Domenica scorsa c'era Sanga-Biassono: non determinante per i destini stagionali di entrambe (ormai rimandati ai playout), ma potenzialmente decisivo per dirimere chi delle due partirà davanti nella griglia del purgatorio, specie se avesse vinto Biassono che sarebbe andata a +4 con 3 giornate da giocare, mentre Milano aveva la prospettiva di un riaggancio col 2-0 negli scontri diretti, avendo vinto all'andata (cosa che appunto è successa).
In ogni caso, la disfida tra il capoluogo e la Brianza è interessante a prescindere, e infatti la palestra di via Cambini presentava un pienone da circa 200 anime, un po' sorprese dalla botta di patriottismo iniziale, quando le squadre si sono schierate fronte pubblico a mo' di soldati mentre gli amplificatori sparavano un inno nazionale cantato piuttosto timidamente dai presenti.Poi, in partita, solo la bandiera di Milano ha garrito. Sarebbe falso dire che non c'è stata storia, perché Biassono c'ha provato più volte a rimontare, ma di fatto le arancioni hanno fatto il primo break dopo 3 minuti e non sono più state riprese, viaggiando spesso tra i 10 e i 12 punti di scarto. Eppure l'organico era risicatissimo perché in settimana Franz Pinotti aveva perso (dopo Zamelli e Santucci) un altro pezzo, Nobis, la quale pare abbia riconsegnato la borsa per motivi suoi.

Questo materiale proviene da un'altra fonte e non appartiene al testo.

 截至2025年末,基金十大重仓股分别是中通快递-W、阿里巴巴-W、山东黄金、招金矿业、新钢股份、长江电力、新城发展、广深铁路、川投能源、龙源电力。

Inizia forte Gottardi, subito 8 punti contro una De Fiori che (febbricitante, s'è saputo poi) fatica a contenerla, anche perché essendo più bassa, la Silvia mongolrallica riesce a tirarle in testa dalla media. Nel finale di 1° quarto tocca a Giunzioni con 6 punti (18-14 al 10'). Nel mezzo, Biassono mette la testa avanti per l'unica volta (10-11 al 6'), coi recuperi sul pressing e il duo Canova-M. Fumagalli, mentre Contestabile parte lento, così come la sua controparte Rovida, la quale riceve pochi palloni buoni ma è anche in serata-no, come si vedrà da alcuni tiri sbilenchi. "Conte" invece poi si sbloccherà, ma a corrente alternata.

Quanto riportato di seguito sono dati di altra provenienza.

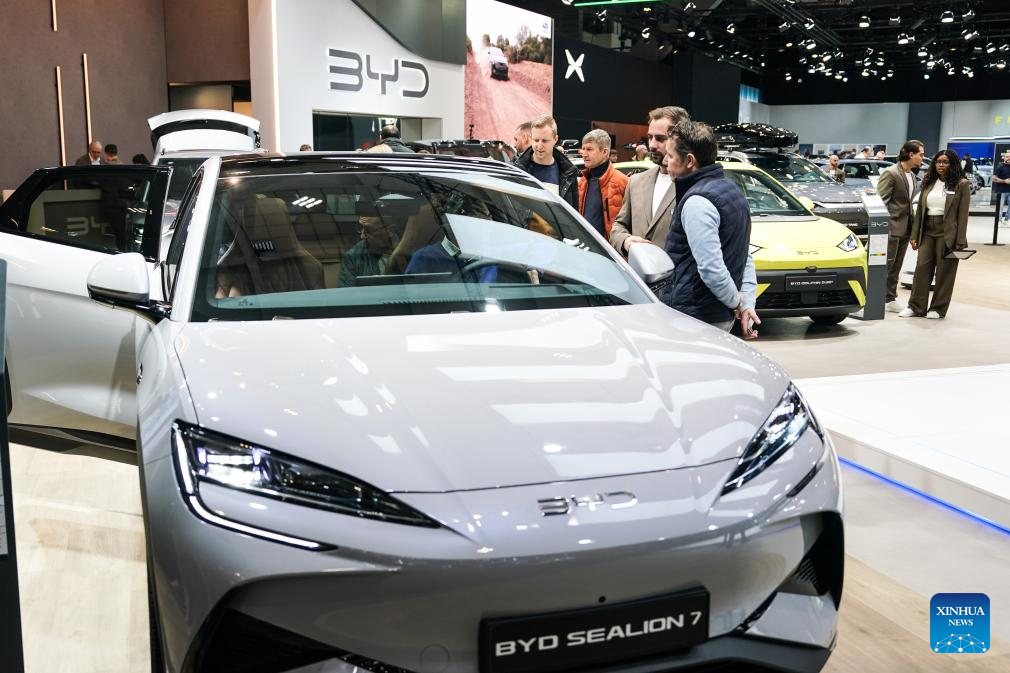 BRUSELAS, 11 enero, 2026 (Xinhua) -- Imagen del 10 de enero de 2026 de personas observando un automóvil BYD durante el Salón del Automóvil de Bruselas, en Bruselas, Bélgica. La 102 edición del Salón del Automóvil de Bruselas se celebra aquí del 9 al 18 de enero. (Xinhua/Peng Ziyang)
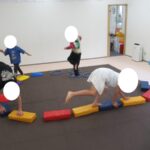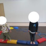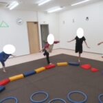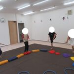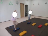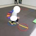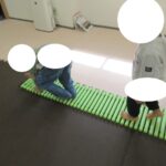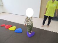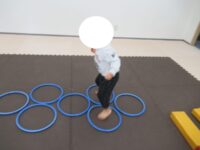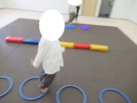 平均台→フープ→カラー石を並べてロングロードが完成!!さあ渡ってみよう~♪

La svolta nella prima metà del 2° quarto con un parziale di 12-0 che lancia il Sanga sul 32-19 al 14’: contribuiscono un po’ tutte, ma soprattutto D’Amico, già un idolo del pubblico alla sua “prima” casalinga in maglia-Cellularmania, che segna in appoggio dopo aver depista Galbiati con un cambio di direzione che avrei voluto filmare perché non ho veramente capito come ha fatto, e subito dopo intercetta un’apertura biassonese e ne segna un altro. Siccome nel frattempo anche Brioschi ha segnato in entrata, De Milo vede la mala parata a uomo e passa a zona (Milano per ora a uomo). In effetti ottiene di spegnere l’attacco di casa, che prende tanti tiri dalla media senza esito, e non riesce ad attivare le lunghe in area. Però nel contempo Biassono si mangia tantissimo da sotto (10/29 da 2 all’intervallo), e così nei successivi 3’ il parziale è solo 1-2; poi nel finire del quarto si accende Contestabile riducendo lo scarto a 37-29 all’intervallo.